# DSC 40B: Graph Search Algorithms
Daniel Lee, Udaikaran Singh, and Justin Eldridge

In this notebook, we will get practice with the two graph search algorithms covered in class: Breadth-First Search (BFS) and Depth-First Search (DFS). First, the usual imports:

In [1]:
import collections

import pandas as pd
import numpy as np
import matplotlib.pyplot as plt
import ipywidgets as widgets

The following module contains helper functions used to load data and make plots. Have a look through this file if you are interested to see how these things are done.

In [2]:
import demo

We will be using a "dict-of-dicts" graph representation, implemented in the `dsc40graph` module. Take a look at this file if you are interested in knowing more about how the graph data structure is implemented.

In [3]:
from dsc40graph import UndirectedGraph, DirectedGraph

## Flight Graph

Consider the graph of domestic flights. Each node in the graph is an airport, and there is an edge between two airports if there is a direct flight between them. In this section, we will generate such a graph and apply BFS and DFS towards analyzing it.

To visualize the flight graph, we will use a Python package called [`folium`](https://python-visualization.github.io/folium/). Folium provides a way of quickly and easily drawing interactive maps. All of the maps below are drawn using `folium`; take a look at `demo.py` if you're interested in seeing the code that generated them!

In [4]:
import folium

We will use a randomly-generated map of flights. The following function loads this graph.

In [5]:
flight_graph = demo.load_flight_graph()

This is an undirected graph:

In [6]:
flight_graph

<dsc40graph.UndirectedGraph at 0x7f3c4d9ee0f0>

We can list all of the airports (nodes) in the graph:

In [7]:
flight_graph.nodes

dict_keys(['San Jose', 'La Jolla', 'Los Angeles', 'Boston', 'Phoenix', 'San Antonio', 'Houston', 'Dallas', 'New Orleans', 'Orlando', 'Miami', 'Jacksonville', 'Atlanta', 'Nashville', 'Charlotte', 'Chicago', 'Kansas City', 'Toronto', 'Philadelphia', 'New York', 'Denver', 'Portland', 'Seattle', 'Vancouver', 'Washington DC', 'Oklahoma City', 'Milwaukee', 'Cleveland', 'Louisville', 'St. Louis', 'Salt Lake City', 'Las Vegas', 'Boise', 'El Paso', 'Durant', 'Minneapolis'])

Apparently there is an airport in La Jolla:

In [8]:
'La Jolla' in flight_graph.nodes

True

It must be the Torrey Pines Gliderport...
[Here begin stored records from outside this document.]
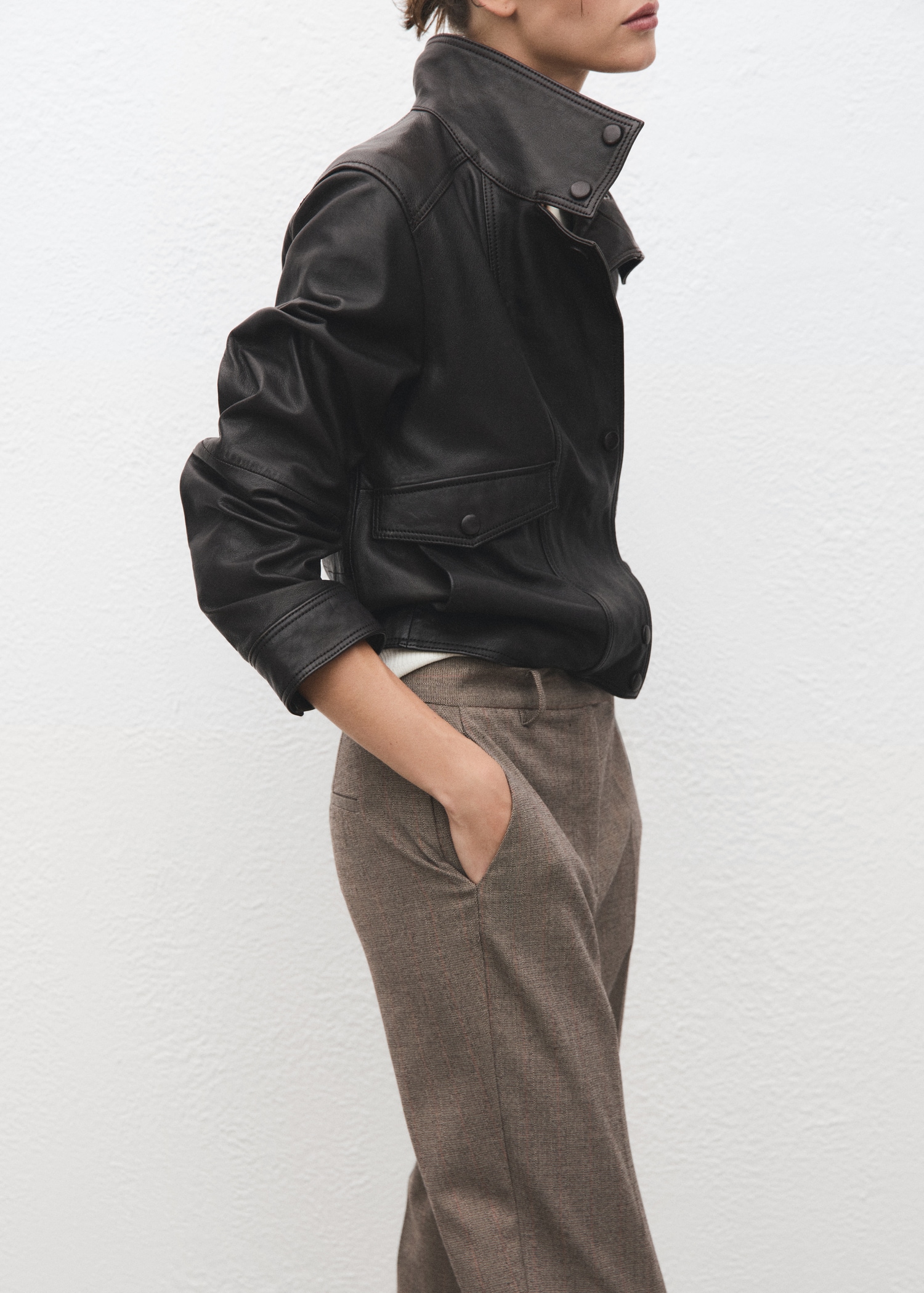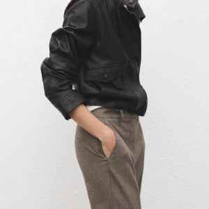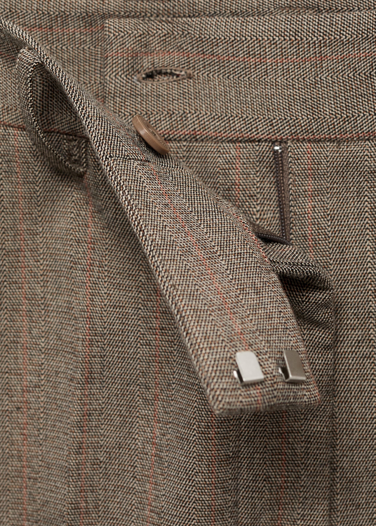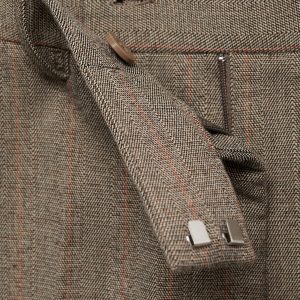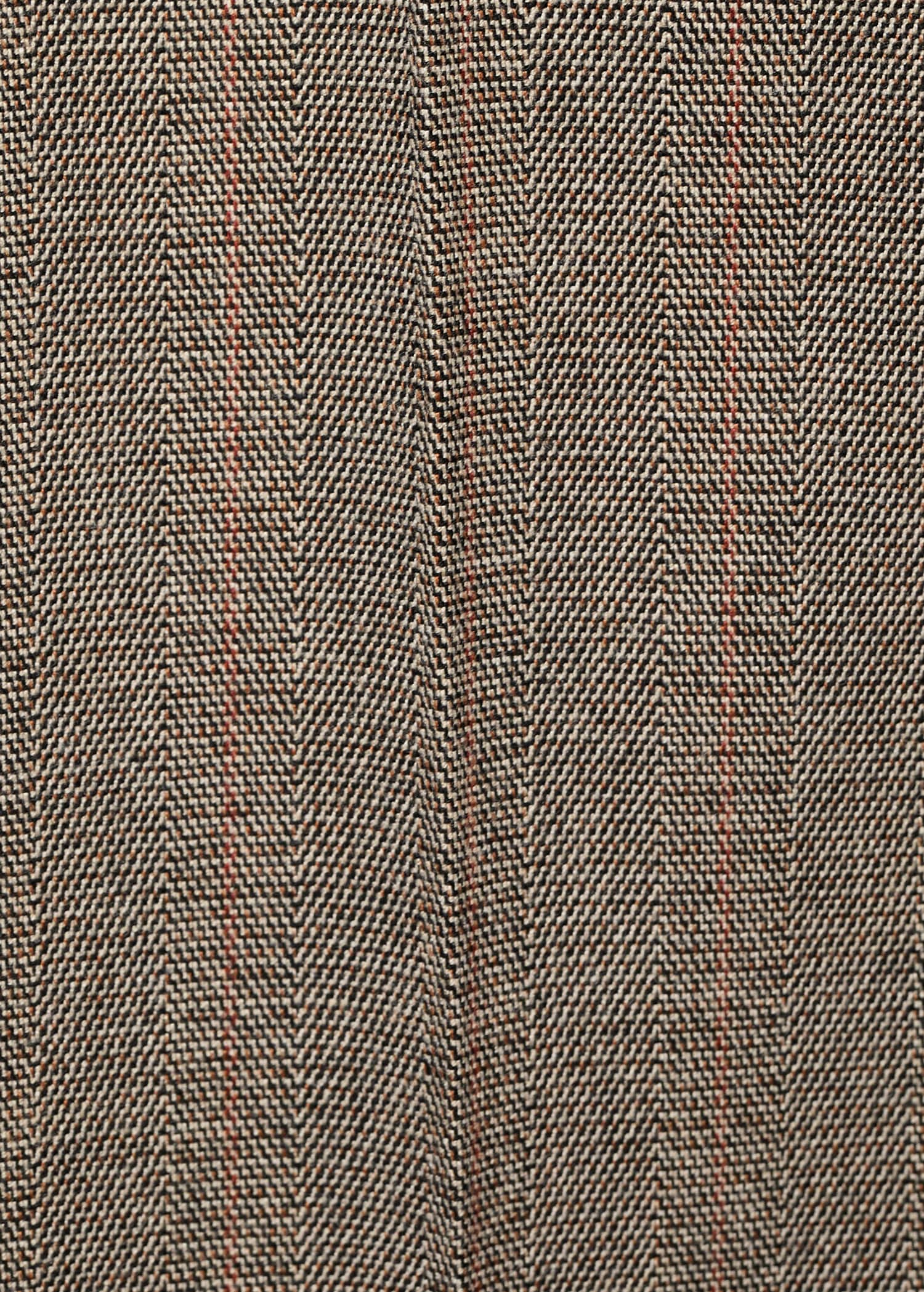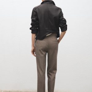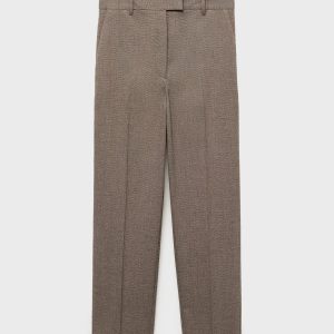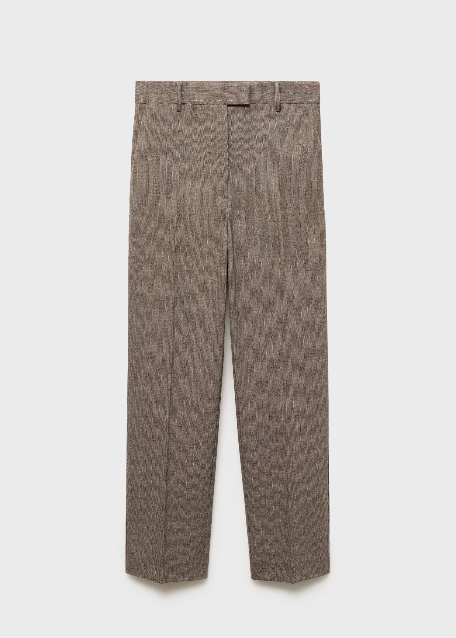 Crop design. Fitted design. Pinstripe design. Mid-rise. Belt loops. Two side pockets. Zipper, button and concealed hook-and-loop fastener with placket. Inner lining. Available Plus
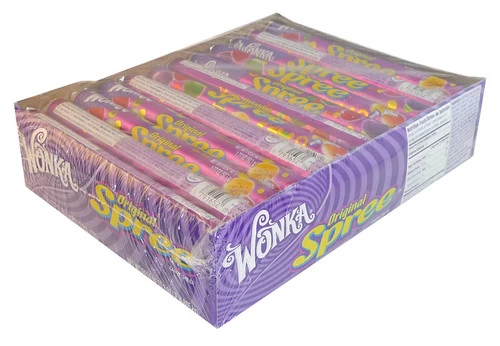 Wonka Original Spree by Willy Wonka, now available as 36 x 50.1g rolls in a display unit from Australias widest range of sweets and treats for wholesale and direct retail in bulk. Buy these, and more lollies and sweets, at The Professors Online Lolly Shop
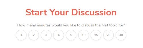 The facilitator then takes a topic card from the ‘To Discuss’ column moves it into ‘Discussing’ and selects the length of initial discussion (between 1 and 30 minutes).
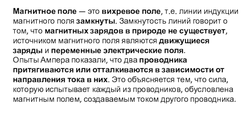 Слайд 3Магнитное поле — это вихревое поле, т.е. линии индукции магнитного поля замкнуты. Замкнутость
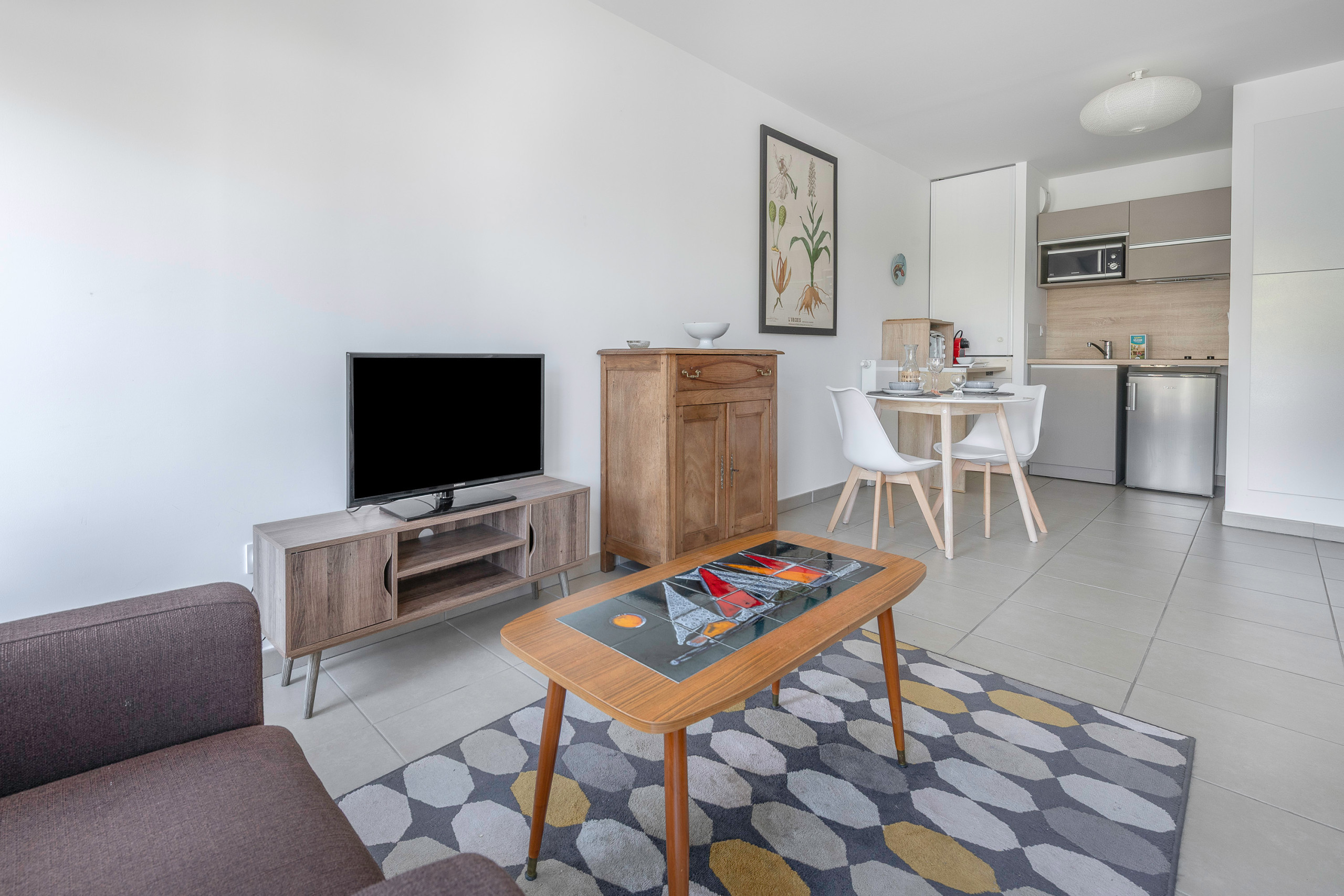 El alojamiento dispone de un salón-TV que da acceso a una pequeña terraza, con una cocina amueblada y equipada; placas de inducción, microondas, horno pequeño, cafetera de cápsulas Nespresso, frigorífico-congelador, tostadora, hervidor, utensilios y menaje de cocina. También se pone a su disposición un secador de pelo, una lavadora, así como mobiliario exterior (sillones, mesa y sombrilla). Dispone de una plaza de aparcamiento privada y cubierta dentro de la residencia.
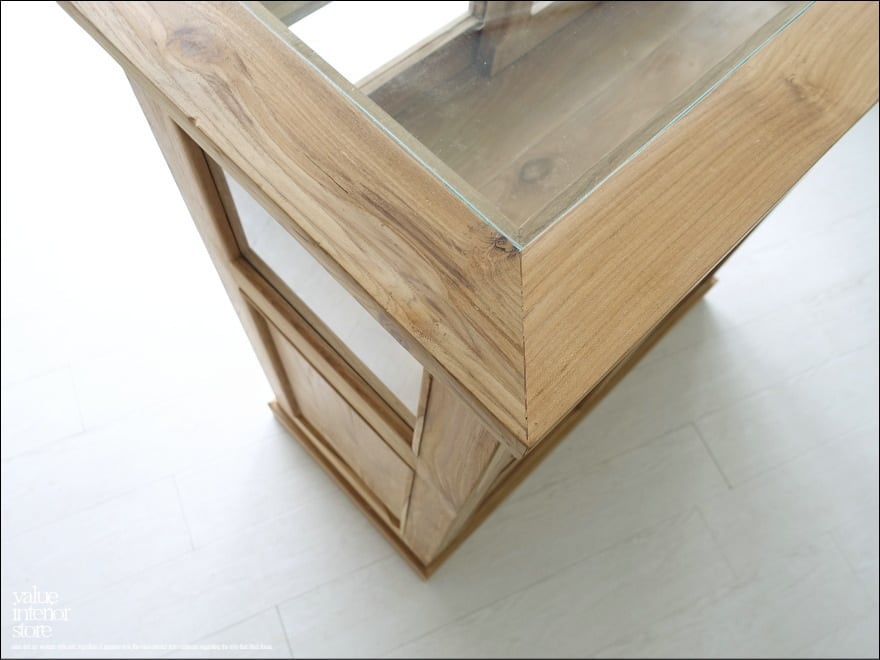 「 S 様 サイズオーダーカウンター 」チーク総無垢 ショーケースカウンターNatla90 ガラスケース 飾り棚 店舗什器 レジ台 手作り 無垢材家具
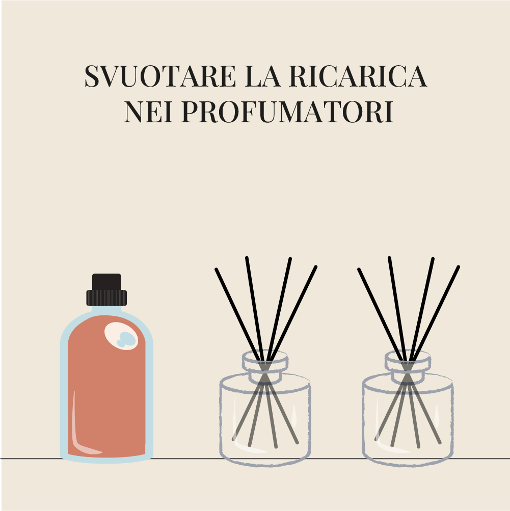 La durata e la diffusione della fragranza sono influenzate dalla capienza dell’ambiente scelto. Vi lasciamo qualche accorgimento per un ottimale utilizzo:
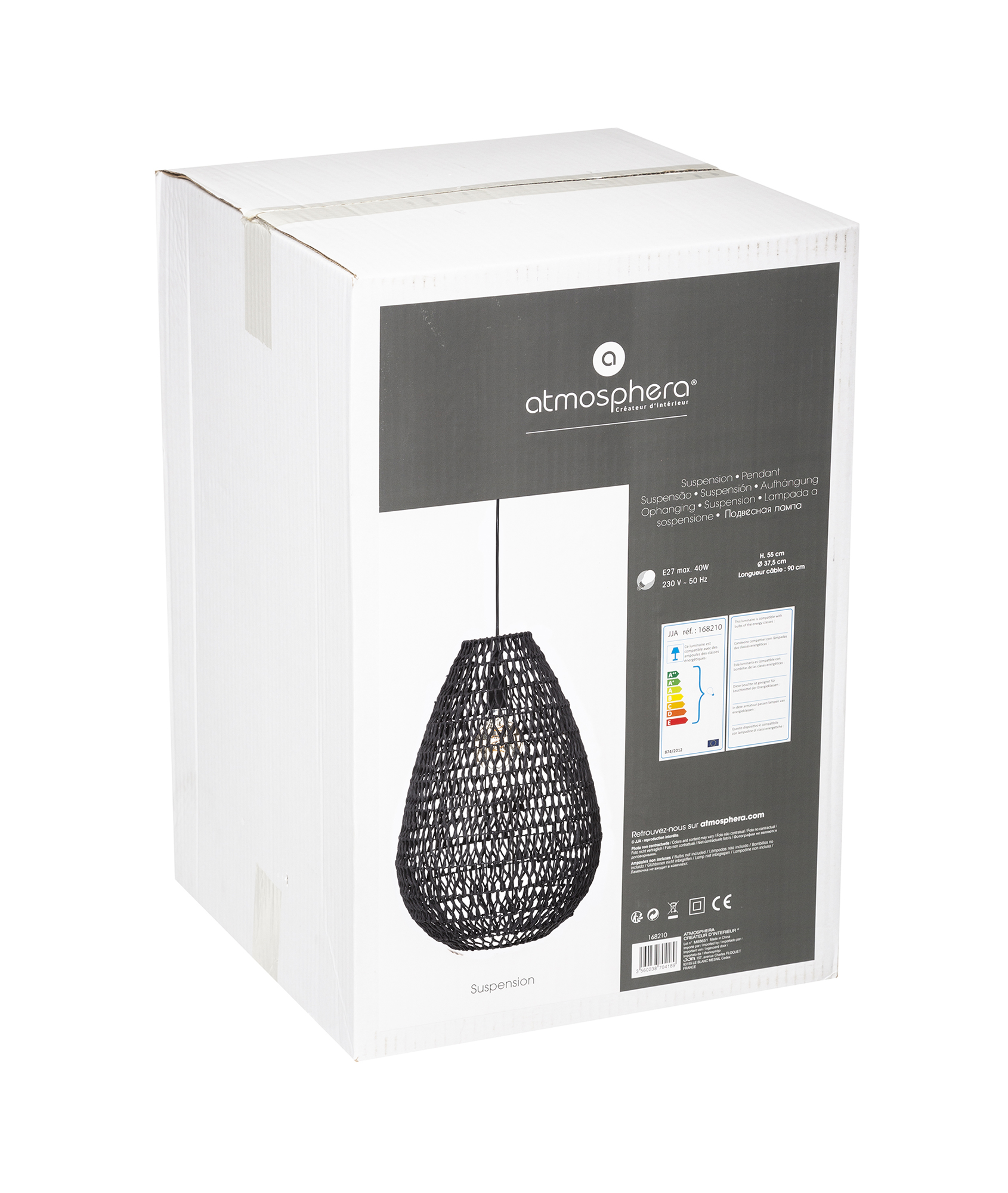 Gevlochten hanglamp “Etel” zwart D37,5cm

We can list all of the edges, too:

In [9]:
flight_graph.edges

EdgeView[('San Jose', 'New Orleans'), ('San Jose', 'Durant'), ('San Jose', 'La Jolla'), ('San Jose', 'Denver'), ('La Jolla', 'Chicago'), ('Los Angeles', 'Houston'), ('Los Angeles', 'Philadelphia'), ('Los Angeles', 'El Paso'), ('Boston', 'Chicago'), ('Boston', 'Philadelphia'), ('Boston', 'Milwaukee'), ('Boston', 'Boise'), ('Phoenix', 'Las Vegas'), ('San Antonio', 'Louisville'), ('Houston', 'Milwaukee'), ('Dallas', 'Miami'), ('Dallas', 'Cleveland'), ('Orlando', 'Kansas City'), ('Orlando', 'Louisville'), ('Miami', 'Cleveland'), ('Jacksonville', 'Minneapolis'), ('Jacksonville', 'Louisville'), ('Atlanta', 'Toronto'), ('Nashville', 'Philadelphia'), ('Nashville', 'Toronto'), ('Charlotte', 'Washington DC'), ('Chicago', 'Seattle'), ('Kansas City', 'Salt Lake City'), ('Toronto', 'Seattle'), ('Denver', 'Portland'), ('Portland', 'Minneapolis'), ('Portland', 'Boise'), ('Seattle', 'Louisville'), ('Seattle', 'El Paso'), ('Oklahoma City', 'Minneapolis'), ('Milwaukee', 'Louisville'), ('St. Louis', 'Las

We can also find all of the neighbors of a node. For instance, the neighbors of La Jolla are:

In [10]:
flight_graph.neighbors('La Jolla')

{'Chicago', 'San Jose'}

This means that there are direct flights between La Jolla and both Chicago and San Jose.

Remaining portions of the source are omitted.